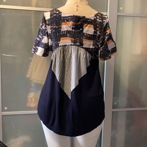 Blue, white and orange, multi patterned high low tee. Has dress shirt material mid back. Lower back gathers like a tail and provides backside coverage. Great for looking stylish and running out for coffee/errands.
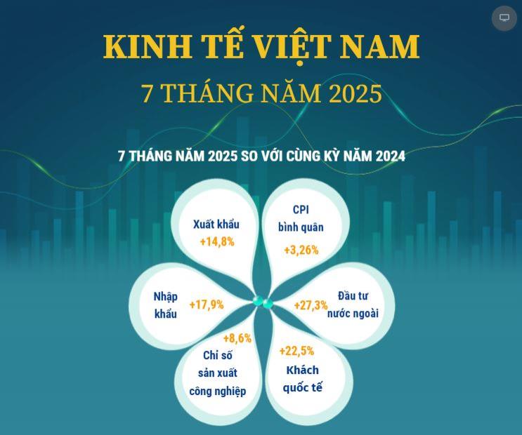 Kinh tế-xã hội cả nước tháng 7 và 7 tháng năm 2025 được Cục Thống kê, Bộ Tài chính công bố, ghi nhận nhiều tín hiệu tích cực, tiếp đà tăng trưởng ở nhiều lĩnh vực như: sản xuất công nghiệp, thương mại đầu tư, thu hút FDI và kim ngạch xuất khẩu tăng mạnh, đầu tư công bứt phá, lạm phát trong tầm kiểm soát...
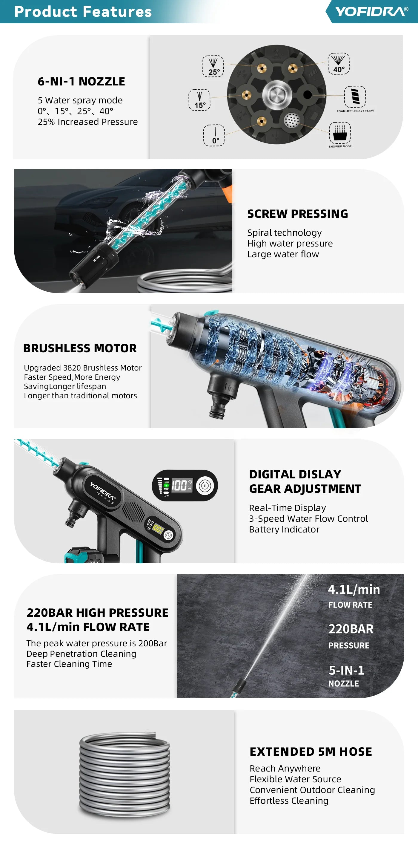 Yofidra 220Bar – Lavadora de Água Elétrica Sem Fios
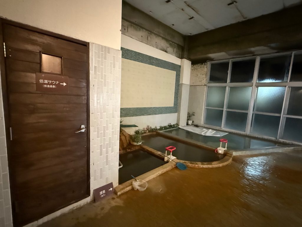 内風呂は3つあり、1番大きな浴槽が5人位の大きさで加温がされており、体感で40度くらいの温度です。
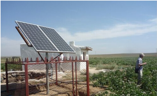 推广一种小面积上,经济,简便的滴灌系统对发展中国家具有重要示范意义。小型滴灌系统适应不同地块,安装施工简单。核心部件是太阳能潜水泵,直径5.5厘米,长37厘米,LJ10型太阳能水泵只需12W的太阳能电池板驱动就可产生最大1巴的压力,扬程最高达10米,此时流量40L/h。LJ20型太阳能水泵只需2X12W的太阳能电池板驱动就可产生最大2巴的压力,扬程最高达20米,此时流量44L/h。太阳能潜水泵除了构成太阳能滴灌系统外,还可以用于供水、发电。

▶ [WORK TO BE COMPLETED]: Exact copy, no pictures: please print the data above once more.

▶ [RESPONSE FOR THIS EXERCISE]:
 Blue, white and orange, multi patterned high low tee. Has dress shirt material mid back. Lower back gathers like a tail and provides backside coverage. Great for looking stylish and running out for coffee/errands.
 Kinh tế-xã hội cả nước tháng 7 và 7 tháng năm 2025 được Cục Thống kê, Bộ Tài chính công bố, ghi nhận nhiều tín hiệu tích cực, tiếp đà tăng trưởng ở nhiều lĩnh vực như: sản xuất công nghiệp, thương mại đầu tư, thu hút FDI và kim ngạch xuất khẩu tăng mạnh, đầu tư công bứt phá, lạm phát trong tầm kiểm soát...
 Yofidra 220Bar – Lavadora de Água Elétrica Sem Fios
 内風呂は3つあり、1番大きな浴槽が5人位の大きさで加温がされており、体感で40度くらいの温度です。
 推广一种小面积上,经济,简便的滴灌系统对发展中国家具有重要示范意义。小型滴灌系统适应不同地块,安装施工简单。核心部件是太阳能潜水泵,直径5.5厘米,长37厘米,LJ10型太阳能水泵只需12W的太阳能电池板驱动就可产生最大1巴的压力,扬程最高达10米,此时流量40L/h。LJ20型太阳能水泵只需2X12W的太阳能电池板驱动就可产生最大2巴的压力,扬程最高达20米,此时流量44L/h。太阳能潜水泵除了构成太阳能滴灌系统外,还可以用于供水、发电。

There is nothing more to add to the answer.